Harvard senior co-captain Kyle Casey is withdrawing from the school after being implicated in an expansive academic cheating scandal, SI’s Luke Winn first reported. Casey is withdrawing from the college before the fall registration deadline in hopes of preserving his final year of eligibility in the event that he transfers elsewhere or is readmitted to the school. The versatile forward who led the Crimson in scoring last season will miss the entire 2012-13 campaign.

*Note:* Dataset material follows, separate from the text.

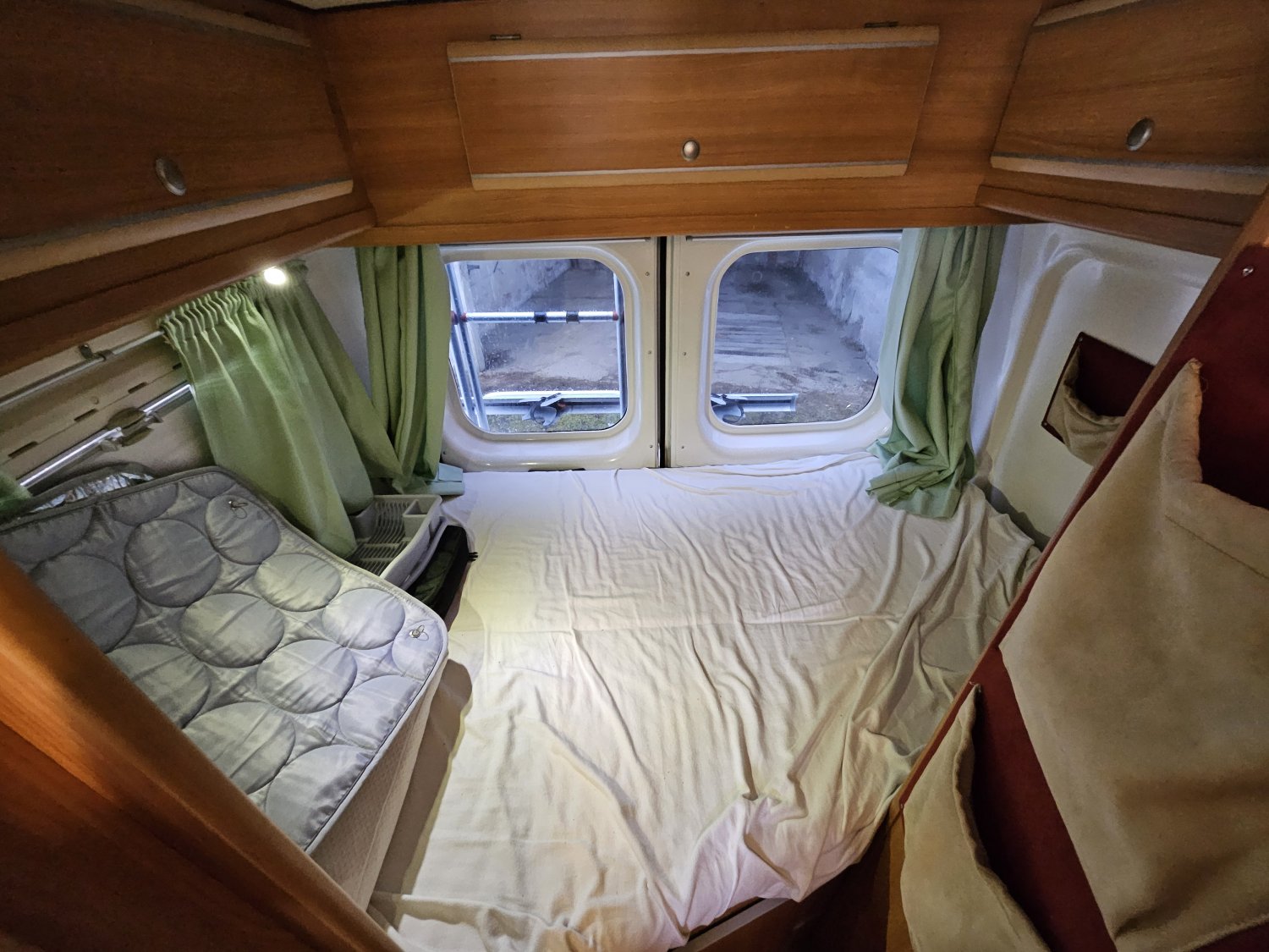 CHAUFFAGE CARBURANT, GAZINIERE 2 FEUX, ECLAIRAGE LED, PORTE VELO, REFRIGERATEUR TRI MIX, STORES PLISSES DE CABINE

Jan. 3, 2012; Bronx, NY, USA; Harvard Crimson forward Kyle Casey (30) goes up for a basket as Fordham Rams guard Alberto Estwick (21) defends during the first half at Rose Hill Gym. Mandatory Credit: Debby Wong-US PRESSWIRE

Fellow senior co-captain Brandyn Curry is expected to withdraw from the university as well. Curry, the Crimson’s starting point guard, was implicated in the scandal along with one other unnamed basketball player, whose role in the scandal is still under investigation.

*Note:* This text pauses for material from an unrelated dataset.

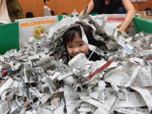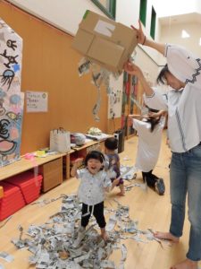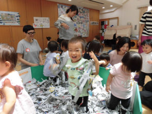 うさちゃんクラブで新聞あそびをしましたよ。新聞あそびは、たくさんちぎってビリビリ破いて、音や感触など五感を使って遊べます!!

As the two most distinguished faces linked to the fraud, Casey and Curry will divert a lot of attention in this case away from the central issue at-hand. Inevitably, many readers will mistake this case as an isolated basketball matter, another instance of Division 1 schools pandering to the base needs of student-athletes. Although such behavior is prevalent across the scope of national universities that boast high-profile athletics programs, it is of no consequence to this Harvard case.

The Harvard scandal, rather, underscores an academic pandemic, one to which even the sanctimonious Ivy League is not immune. Ivy League schools, littered with highbrows who will stop at nothing to procure success, are in fact some of the biggest culprits of all.

Casey and Curry, bear in mind, were just two of 125 students accused of cheating on a take-home final exam in the course: Introduction to Congress. Of those 125 students accused of allegations ranging from inappropriate collaboration to full-bore plagiarism, all but a handful were non-athletes.

This is not a North Carolina case redux.  A roguish head of a sham department did not introduce faux courses, of which an appreciable percentage of prominent student-athletes, including the majority of the 2005 men’s basketball championship team, took part.

This is a case of grades-minded, GPA-deranged Harvard students—scores of them, in fact—sensing an opportunity to pounce on an easy “A.” A few members of the men’s basketball team just so happened to be involved.